Synopsis

Class for running an arbitrary classifier on data that has been passed through an arbitrary filter. Like the classifier, the structure of the filter is based exclusively on the training data and test instances will be processed by the filter without changing their structure.

If unequal instance weights or attribute weights are present, and the filter or the classifier are unable to deal with them, the instances and/or attributes are resampled with replacement based on the weights before they are passed to the filter or the classifier (as appropriate).

Options

  • -F <filter specification>

    Full class name of filter to use, followed by filter options. default: "weka.filters.supervised.attribute.Discretize -R first-last -precision 6"

  • -doNotCheckForModifiedClassAttribute

    If set, classifier will not check whether the filter modifies the class (use with caution).

  • -S <num>

    Random number seed. (default 1)

  • -W <classifier name>

    Full name of base classifier. (default: meka.classifiers.multilabel.BR)

  • -output-debug-info

    If set, classifier is run in debug mode and may output additional info to the console

  • -do-not-check-capabilities

    If set, classifier capabilities are not checked before classifier is built (use with caution).

  • -num-decimal-places

    The number of decimal places for the output of numbers in the model (default 2).

  • -batch-size

    The desired batch size for batch prediction (default 100).

Options specific to classifier meka.classifiers.multilabel.BR:

  • -W <classifier name>

    Full name of base classifier. (default: weka.classifiers.trees.J48)

  • -output-debug-info

    If set, classifier is run in debug mode and may output additional info to the console

  • -do-not-check-capabilities

    If set, classifier capabilities are not checked before classifier is built (use with caution).

  • -num-decimal-places

    The number of decimal places for the output of numbers in the model (default 2).

  • -batch-size

    The desired batch size for batch prediction (default 100).

Options specific to classifier weka.classifiers.trees.J48:

  • -U

    Use unpruned tree.

  • -O

    Do not collapse tree.

  • -C <pruning confidence>

    Set confidence threshold for pruning. (default 0.25)

  • -M <minimum number of instances>

    Set minimum number of instances per leaf. (default 2)

  • -R

    Use reduced error pruning.

  • -N <number of folds>

    Set number of folds for reduced error pruning. One fold is used as pruning set. (default 3)

  • -B

    Use binary splits only.

  • -S

    Do not perform subtree raising.

  • -L

    Do not clean up after the tree has been built.

  • -A

    Laplace smoothing for predicted probabilities.

  • -J

    Do not use MDL correction for info gain on numeric attributes.

  • -Q <seed>

    Seed for random data shuffling (default 1).

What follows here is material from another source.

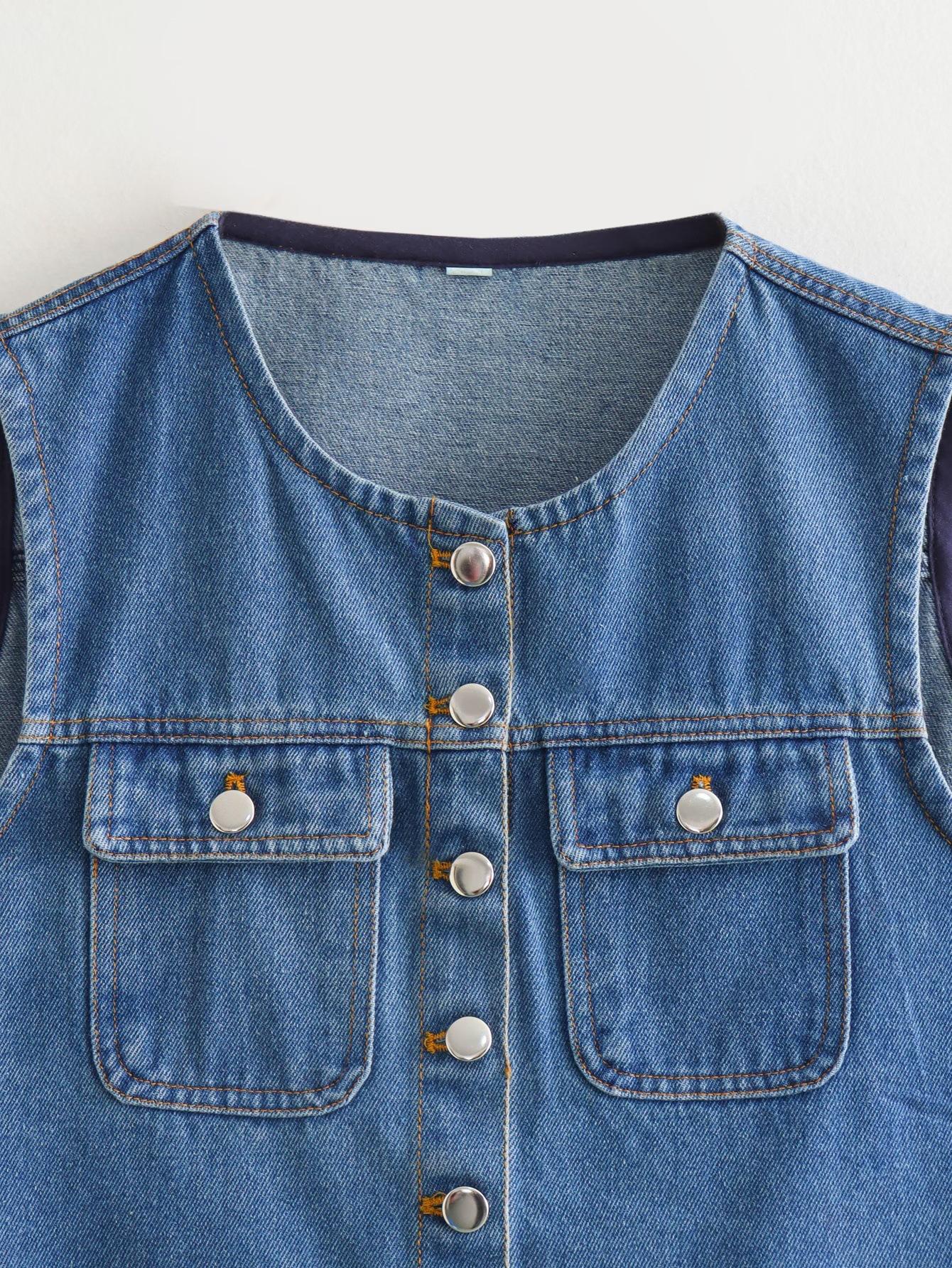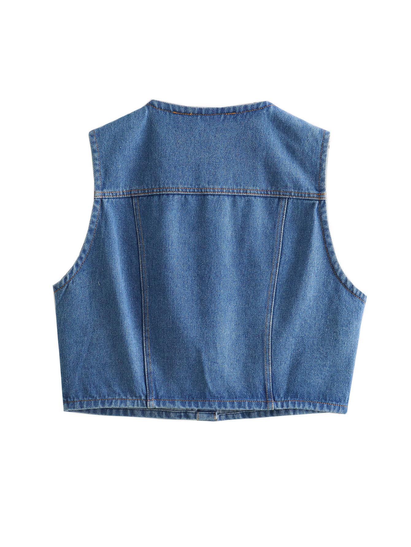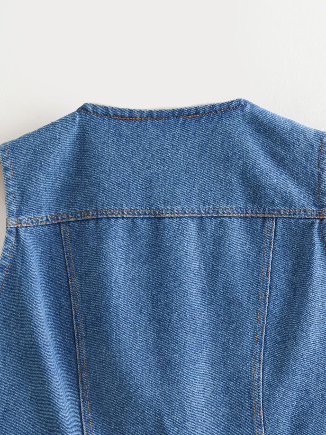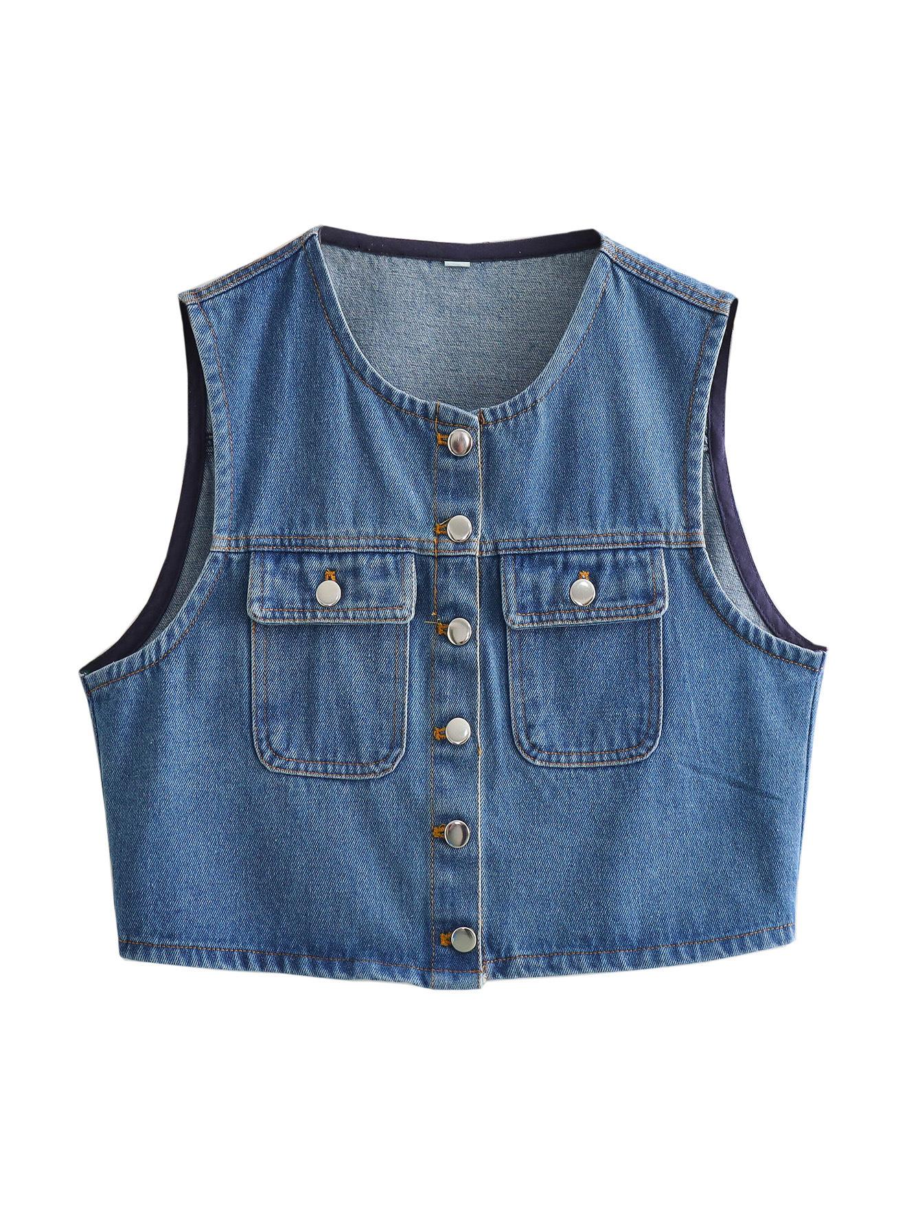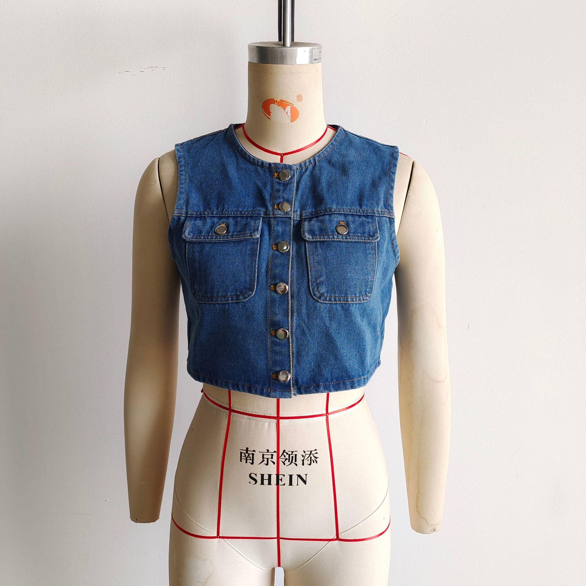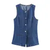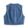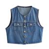 Chaleco de mezclilla de exportación de estilo europeo y americano de un solo botón para mujer 2025 Moda de verano para mujer Chaleco versátil corto sin mangas de cuello redondo

  • -doNotMakeSplitPointActualValue

    Do not make split point actual value.

  • -output-debug-info

    If set, classifier is run in debug mode and may output additional info to the console

  • -do-not-check-capabilities

    If set, classifier capabilities are not checked before classifier is built (use with caution).

  • -num-decimal-places

    The number of decimal places for the output of numbers in the model (default 2).

  • -batch-size

    The desired batch size for batch prediction (default 100).

Options specific to filter weka.filters.AllFilter:

  • -output-debug-info

    If set, filter is run in debug mode and may output additional info to the console

  • -do-not-check-capabilities

    If set, filter capabilities are not checked before filter is built (use with caution).